Dominated by the lake from which the course gets its name, the most memorable holes are ones which run adjacent to and over this natural feature. The signature 8th hole is a 201-metre par 3 which requires a shot that carries the lake onto a raised green. Also notable is the 507 m par-5 3rd hole which is flanked along its length by the lake, and the short 302 m par-4 14th which, due to clever bunkering, presents a number of options off the tee.

=== Scorecard ===
The championship course scorecard is as follows. Please note that all measurements are from the Black (Championship) tees.

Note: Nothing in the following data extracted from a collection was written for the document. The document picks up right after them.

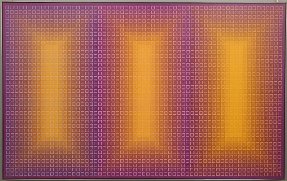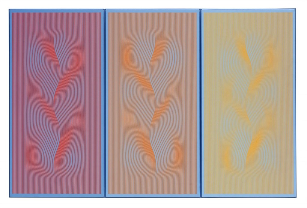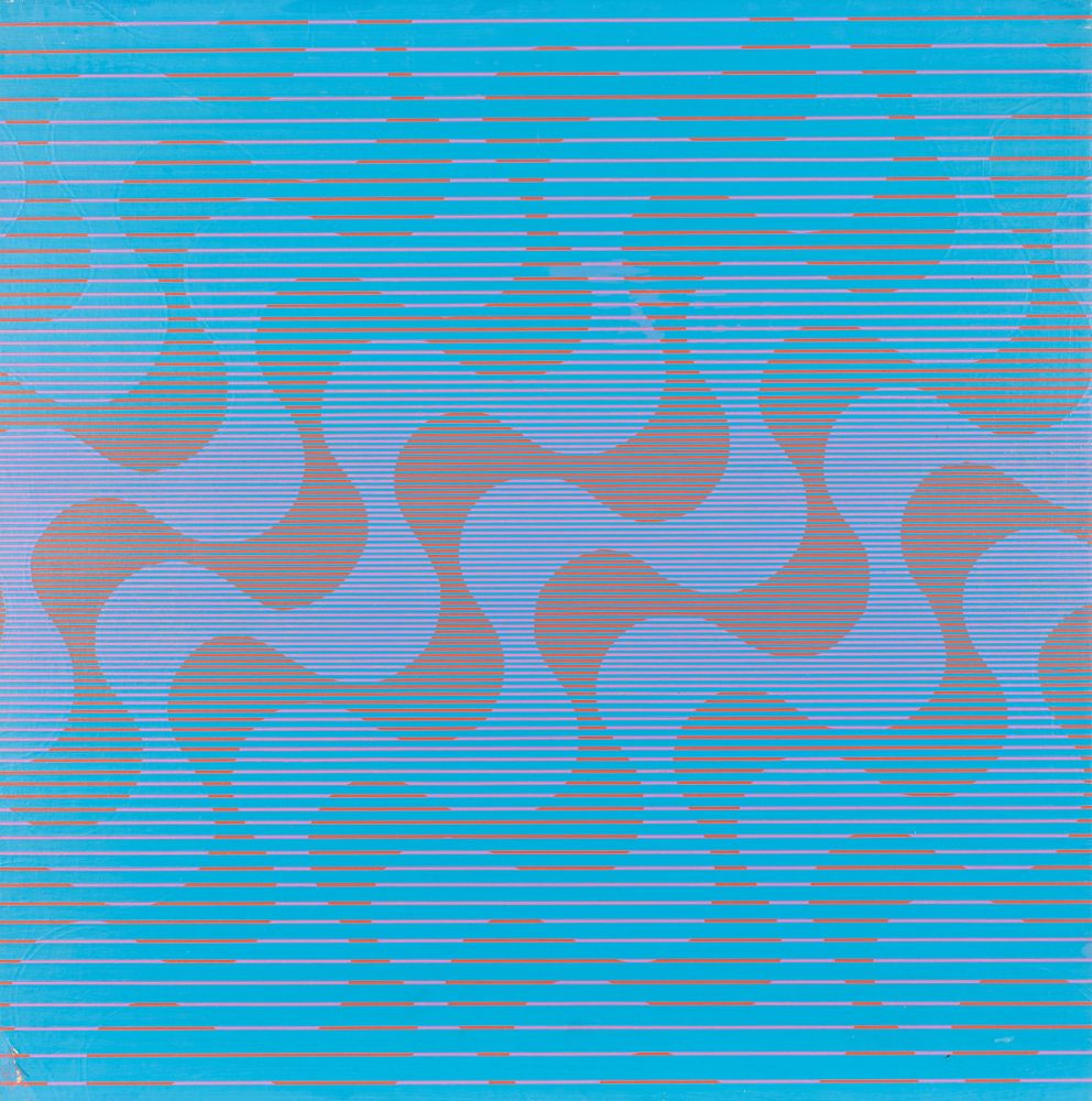 Julian Stańczak. Dynamische Anordnung in blau und orange, 1969
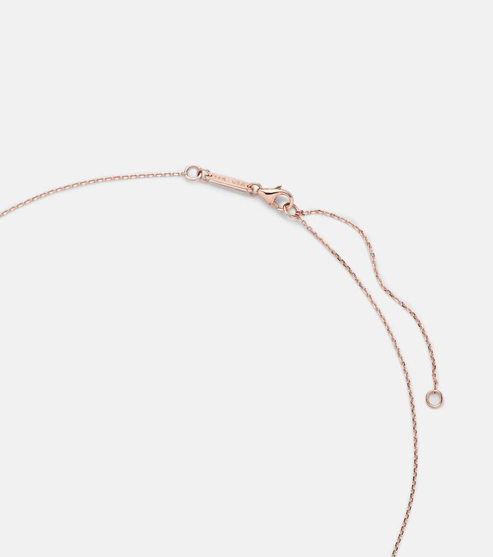 This necklace is handmade in the USA from 14kt yellow gold with a lobster-clasp fastening. It features 0.05 carats of white diamonds and rhodolite.
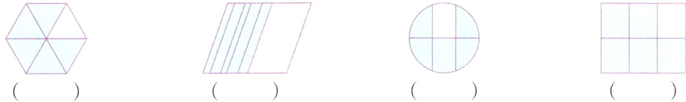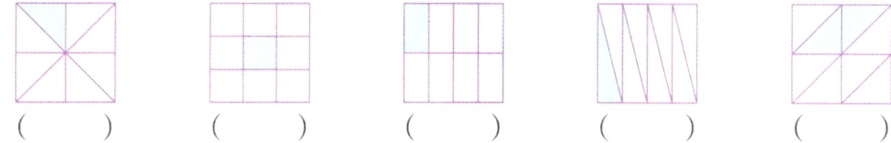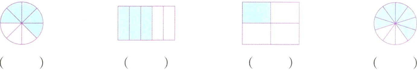 1. 下面涂色部分能表示图形的$\frac{1}{8}$的在( )里画“√”。
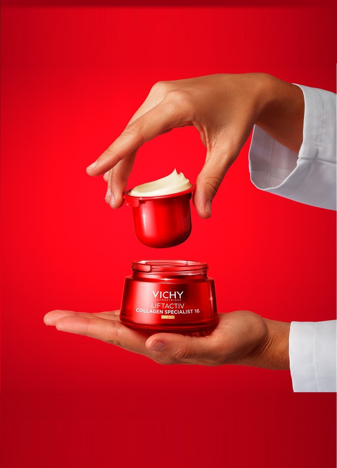 Vichy Liftactiv Collagen Specialist 16 Crema SPF50, con la nueva tecnología exclusiva Co-Bonding que contiene Ramnosa, Péptidos y Maitake, para potenciar y unir todas las familias de colágeno*. Ahora con SPF 50 para una protección frente a la exposición solar diaria. Esta fórmula corrige 16 signos de la edad**, mejorando: arrugas, líneas de expresión, firmeza, volumen, flacidez, tersura, textura cutánea, tonicidad, fuerza de la piel, renovación de la superficie celular de la piel, luminosidad, suavidad, elasticidad, hidratación, vitalidad y uniformidad.
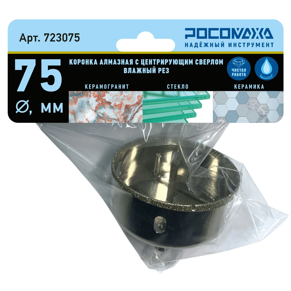 Коронка алмазная с центрирующим сверлом по керамограниту и керамике 75 мм "РОСОМАХА" [1 шт]
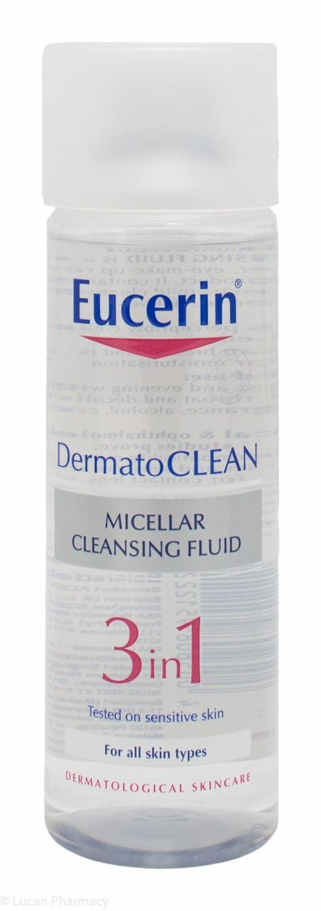 Eucerin DermatoCLEAN 3 in 1 Micellar Cleansing Fluid is a refreshing, cleansing solution that removes all water-soluble eye and face make-up and helps skin to breathe better.Has been tested on, and proven to be compatible with, sensitive skin and eyes.A 3 in 1 formula that cleanses, removes make up, and hydrates.Suitable for use with contact lenses
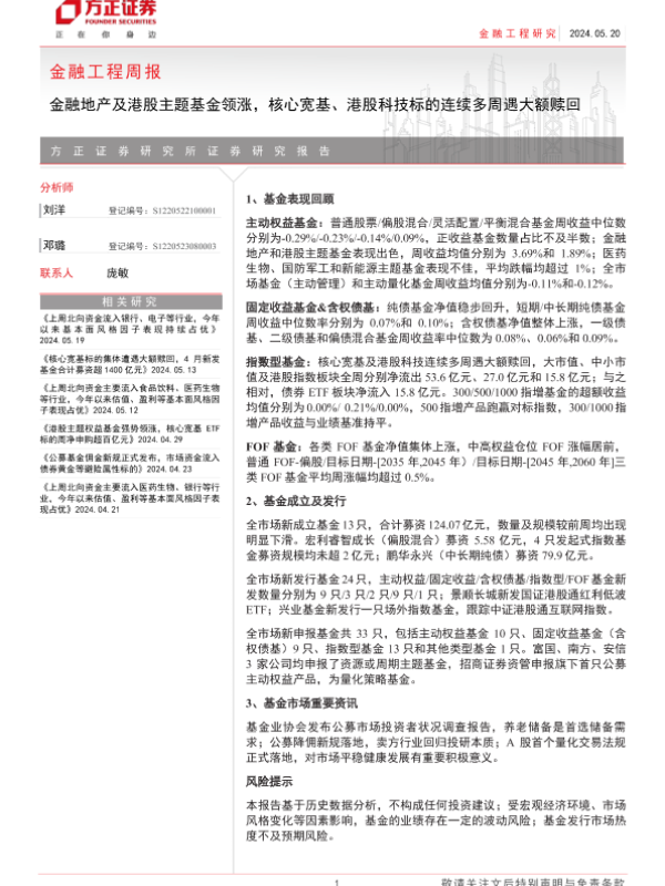 【方正证券】【20240520】金融工程:金融地产及港股主题基金领涨,核心宽基、港股科技标的连续多周遇大额赎回-17页
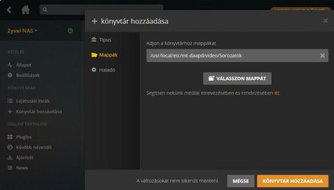 Amennyiben sikerül valahogy előcsalnom a menüt ahol látom, hogy fut a szerver van neve is, de könyvtárat már nem tudok hozzáadni. Kitallózom, de a változásokat nem menti el. így elméletileg fut, megtalálom a médiaeszközök között, de nincs lejátszható adat.Valami további ötlet?
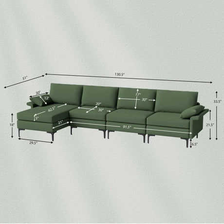 Extra Large Modular L-shaped Sectional Sofa with Reversible Chaise for 4-5 People-Army Green
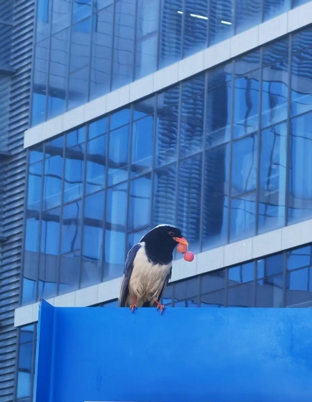 圖注:這張照片是在研究院園區(qū)巧妙抓拍,呈現(xiàn)了自然與現(xiàn)代的有趣交融。畫面里,紅嘴藍(lán)鵲穩(wěn)穩(wěn)地站在藍(lán)色平臺邊緣,口中銜著飽滿紅果,神態(tài)悠然。身后玻璃幕墻高樓林立,映射出研究院的科技感。這只鳥兒仿佛是城市中的靈動精靈,在鋼筋混凝土間尋得一方天地。這一瞬間,既展現(xiàn)...
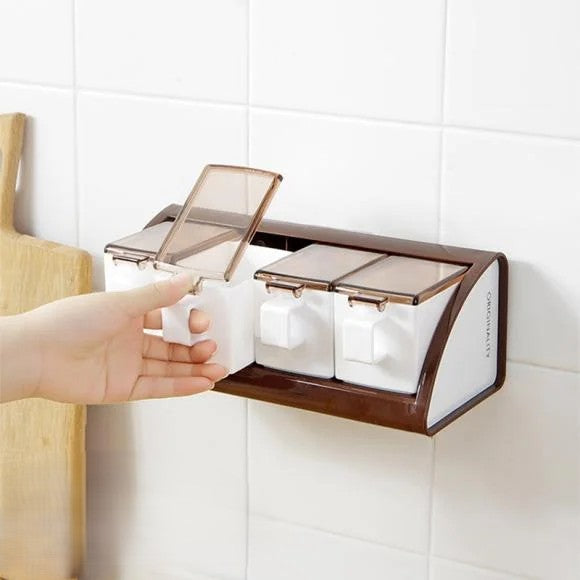 Keep your kitchen organized and your favorite spices within easy reach with this 4-in-1 Wall-Mounted Seasoning Box Set! Designed for convenience and style, each compartment comes with its own spoon and transparent lid for quick access and easy identification. Perfect for storing salt, pepper, herbs, or any of your go-to seasonings, this sleek and space-saving container is a must-have for every modern kitchen. Say goodbye to cluttered countertops and hello to effortless cooking!
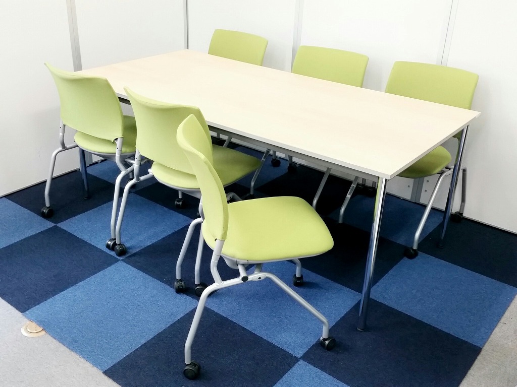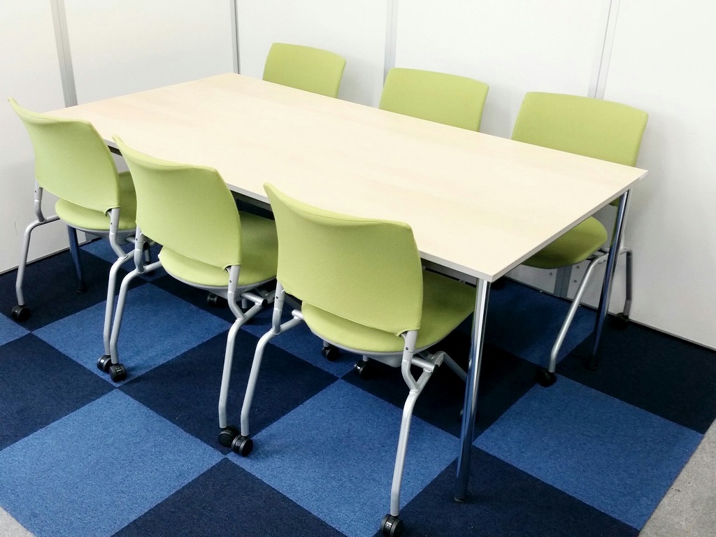 【お得なチェアとテーブルのセット】W1800のデスクとネスティングチェアチェア6脚のお得なセット!【内田洋行製】- 在庫数
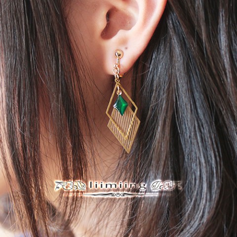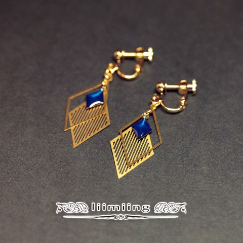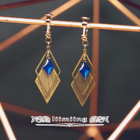 3つのダイヤモンド型のアイテムを組み合わせて製作したイヤリングです。
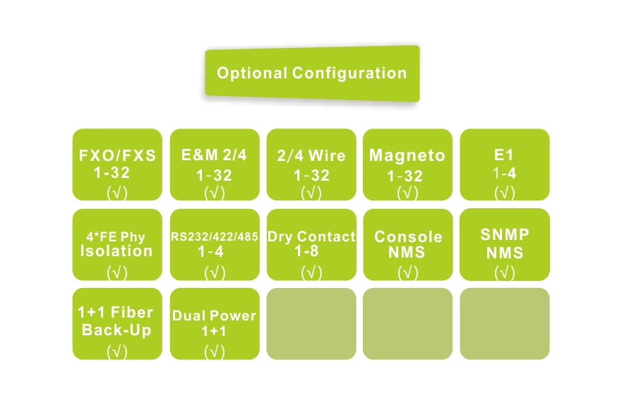 ◆ Voice port to support FXO/FXS/2-4 Wire E&M/2-4 wire Audio/Magnet phone interface,FXO port plug into PBX,FXS port is connected to the user's telephone;
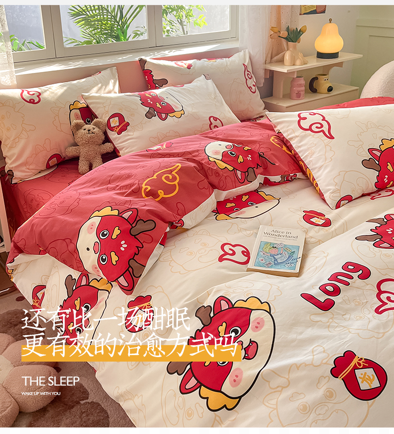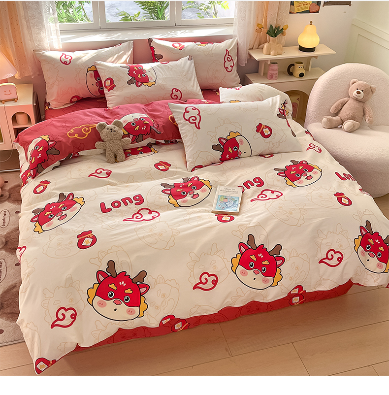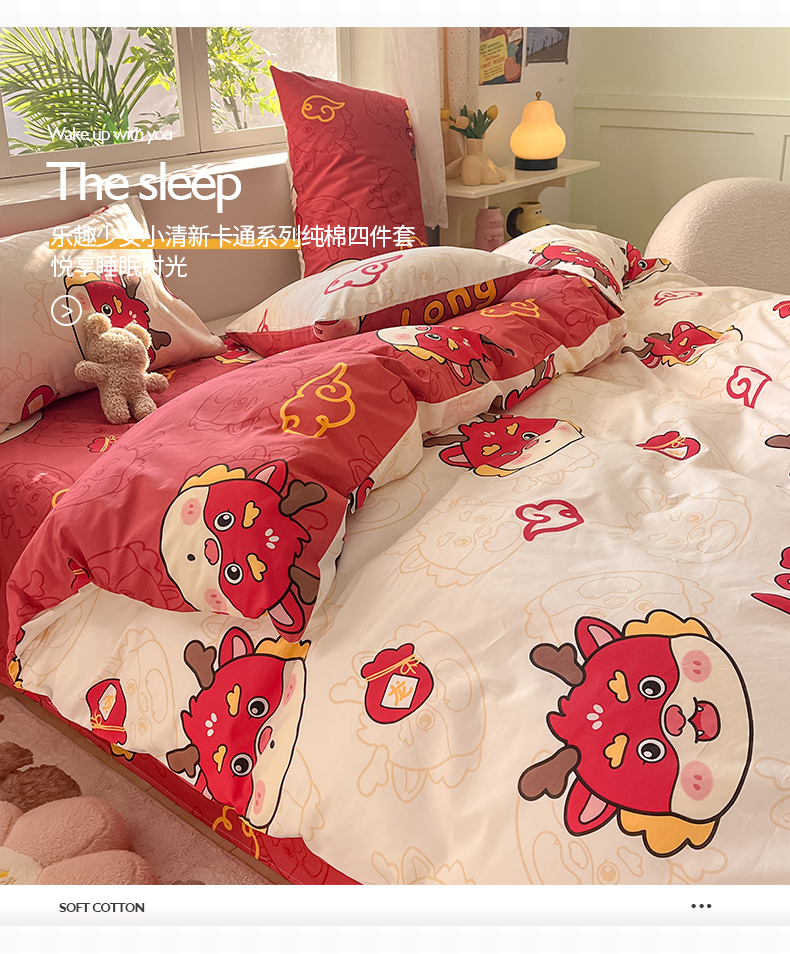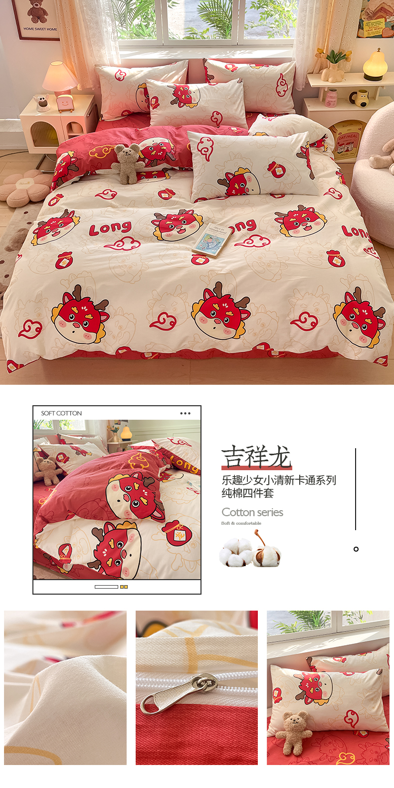 桃子 2024新款纯棉13372萌趣少女小清新卡通四件套第二批 棉-吉祥龙
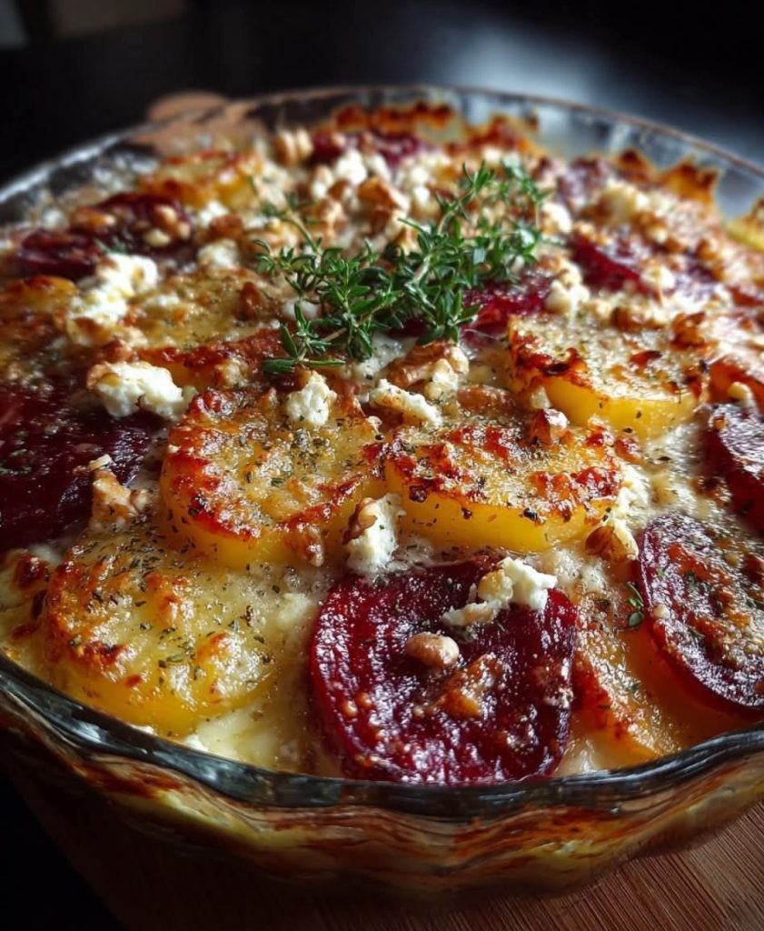 Layered Beet & Potato Gratin with Feta & Walnuts
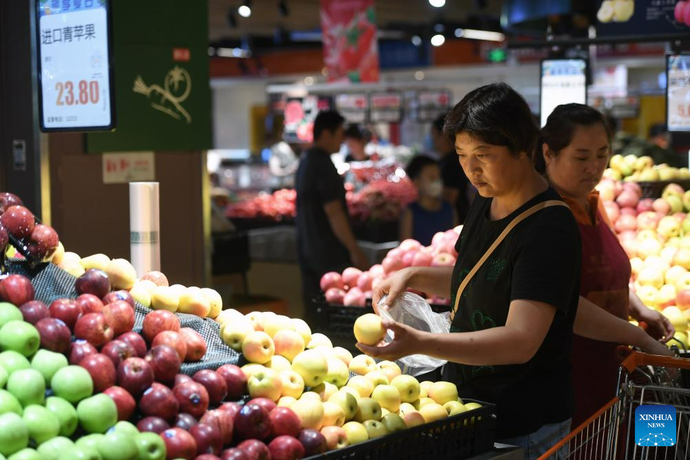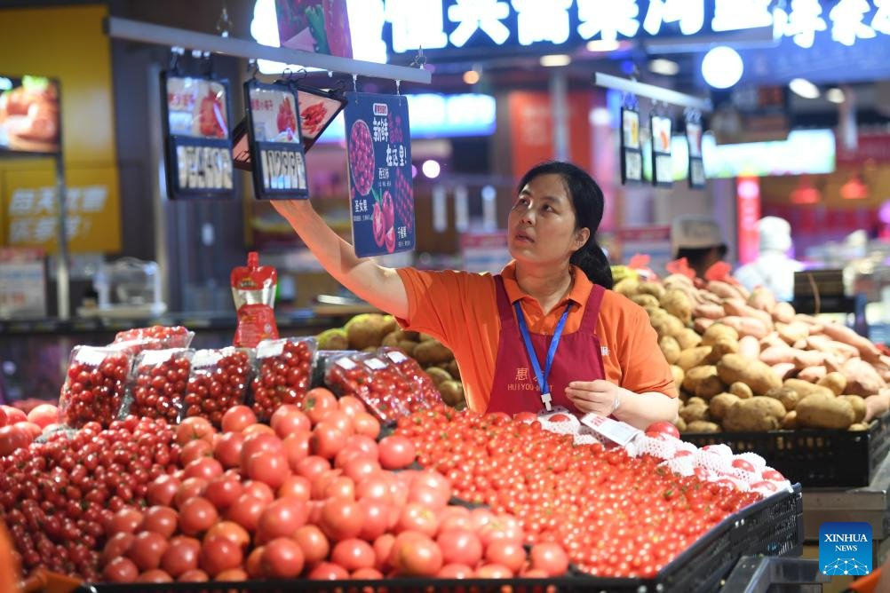 Citizens select fruits at a supermarket in Zhuozhou, north China's Hebei Province, Aug. 10, 2023. Some markets, supermarkets and shopping malls have been returned to normal operation after the floodwater receded in Zhuozhou. At present, the supply of daily necessities in the city has been adequate with stable price. (Xinhua/Zhu Xudong)
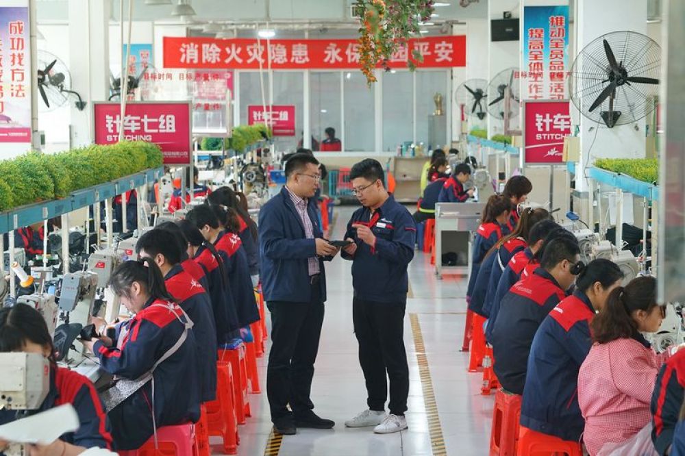 鲁昊(中左)在三台镇一家制鞋企业内向企业负责人了解生产情况(2019年5月1日摄)。新华社记者牟宇 摄
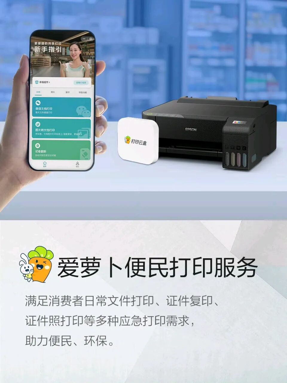 如面对中国共享经济的发展,爱普生推出了“爱萝卜便民打印”服务。据石桥响介介绍,该服务专门面向那些没有打印机购买需求,但又偶尔需要紧急打印的用户。“爱萝卜便民打印”在便利店、文具店、大型连锁门店、互联网闪电仓等地,提供覆盖用户社区的便捷解决方案。用户可以在家门口或附近通过手机轻松完成打印,满足微量的打印需求。

| Hole # | Par | Meters | Yards |
|---|---|---|---|
| 1 | 4 | 294 | 322 |
| 2 | 4 | 428 | 468 |
| 3 | 5 | 507 | 554 |
| 4 | 4 | 388 | 424 |
| 5 | 3 | 179 | 196 |
| 6 | 4 | 415 | 454 |
| 7 | 5 | 560 | 612 |
| 8 | 3 | 201 | 220 |
| 9 | 4 | 344 | 376 |
| Out | 36 | 3316 | 3626 |

| Hole # | Par | Meters | Yards |
|---|---|---|---|
| 10 | 4 | 337 | 369 |
| 11 | 5 | 506 | 553 |
| 12 | 3 | 135 | 148 |
| 13 | 4 | 414 | 453 |
| 14 | 4 | 302 | 330 |
| 15 | 5 | 487 | 533 |
| 16 | 4 | 428 | 468 |
| 17 | 3 | 200 | 219 |
| 18 | 4 | 406 | 444 |
| In | 36 | 3215 | 3516 |
| Total | 72 | 6531 | 7142 |

=== Course Record ===
The course record of 63 is shared and was initially achieved by South African, Retief Goosen, playing in the 2002 Johnnie Walker Classic. The record was then equalled in the same event the following year by Australian golfer Craig Spence.

=== Rankings ===
Lake Karrinyup is consistently ranked as one of the top 20 courses in Australia. A slip in its ranking early in the 2000s was part of the motive for the Clayton redesign.

== Events ==
Lake Karrinyup has played host to four Australian Opens (1952, 1960, 1968, 1974), two Lake Karrinyup Bowls (1963, 1964), two Johnnie Walker Classics (2002, 2003), and was the venue for the Perth International since 2012.